Её восхитили тёмные волосы мужчины. Высокий выпуклый лоб был наполовину пересечён тяжёлой чёлкой. Плотные выстриженные бакенбарды плавно огибали уши. Дальше длина волос тщательно прикрывала очертания широкой черепной коробки, глубоко наседающей на шею, что, впрочем, не бросалось в глаза и не шокировало. Волосы были острижены и уложены столь безукоризненно, что могли сойти за парик. Но и это решительно никак не придавало сидящему напротив существу вид инопланетянина. Решительно, внешний вид Лойза ничем не отличался от человеческого: высокий лоб, средней развитости скулы, обычные нос и рот, чётко очерченный, едва заострённый в подбородке овал лица, по пять пальцев на руках и ногах и, судя по конфигурациям складок шорт, наличие мужского органа воспроизводства тоже, как минимум, средних размеров. Задержавшись взглядом несколько дольше именно на этой части тела мужчины, Жаклин перехватила в глазах собеседника укор и лёгкую насмешку. Вспыхнув, женщина наскоро отпила вина.
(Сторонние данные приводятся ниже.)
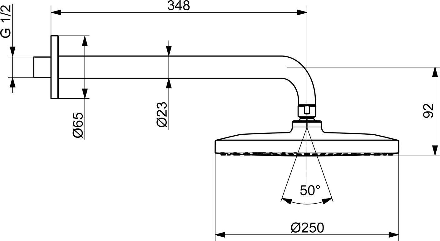 Heißwasserversorgung max. 90°C, Arbeitsdruck 0,5-5 bar, Durchfluss bei 3 bar (mit Regler) 12 l/min, Anschlussgröße G1/2, Kopfbrausengröße Ø 250 mm, Ausladung 348 mm, Geräuschklasse 0,2 l/s II (ISO 3822), Material Messing, Kopfbrause, schwenkbares Kugelgelenk, Anti-Kalk-Technik Außengewinde, Abdeckung(en), 1-strahlig
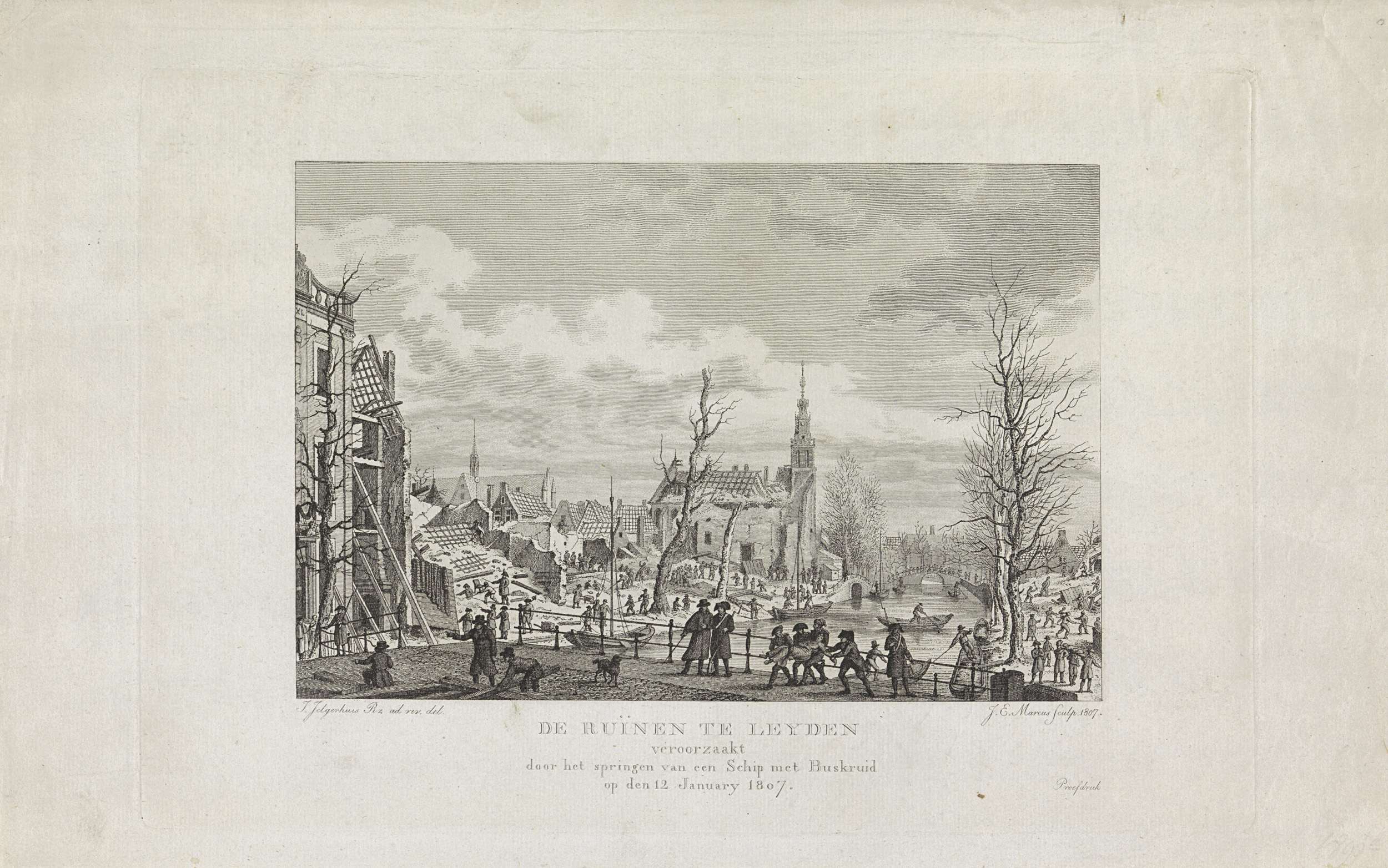 Gezicht vanaf de Nieuwsteegbrug op het verwoest gebied na de buskruitramp op het Steenschuur, een gracht in het verlengde van het Rapenburg, te Leiden op 12 januari 1807. Opruimwerkzaamheden na de ramp, centraal de Saaihal, links in de verte de Pieterskerk. Op de voorgrond wordt het lichaam van een slachtoffer weggedragen.

«Но ведь я делаю это только ради научного убеждения, – оправдала она себя, прежде чем вновь решиться посмотреть в глаза напротив. После всего, что мужчина рассказал, такой осмотр со стороны женщины был оправдан. Скорее всего мистер Лойз подумал также, потому, что как только учёная снова посмотрела на него, он продолжил рассказ с прежним невозмутимым видом.

Их цивилизация была сходной человеческой, но старше на полтора миллиона лет. И, также, как люди сегодня, саифны уже имели в своей практике несчастье, подобное тому, что коснулось сегодня землян. Если бы, по уверениям Лойза, к моменту поражения Луазы вирусом, у его предков не было средств для эвакуации, все представители Луазы погибли бы. А так им удалось спастись в небольшом количестве. Перелетев на космическом корабле в другую Галактику, предки Лойза продолжали работать и через время нашли спасение от страшного вируса.

Сказав это, говорящий остановился, словно ожидая ответа.

– То есть, вы хотите уверить меня, что вы – никто иной, как пришелец из другой Галактики?

Жаклин не была уверена, что стоит говорить с чокнутым, но она должна была держать данное слово, не выказывая так очевидно то, что думает о нём. Лойз кивнул.

– И что вы знаете секрет поражения данного вируса?

Кивок повторился.

Жаклин посмотрела внимательно, но, исходя из прежних убеждений, спорить не стала:

– Допустим это так, и я поверила вам. Что следует из того, что вы сказали? Вы согласны продать нам секрет, чтобы спасти нашу планету?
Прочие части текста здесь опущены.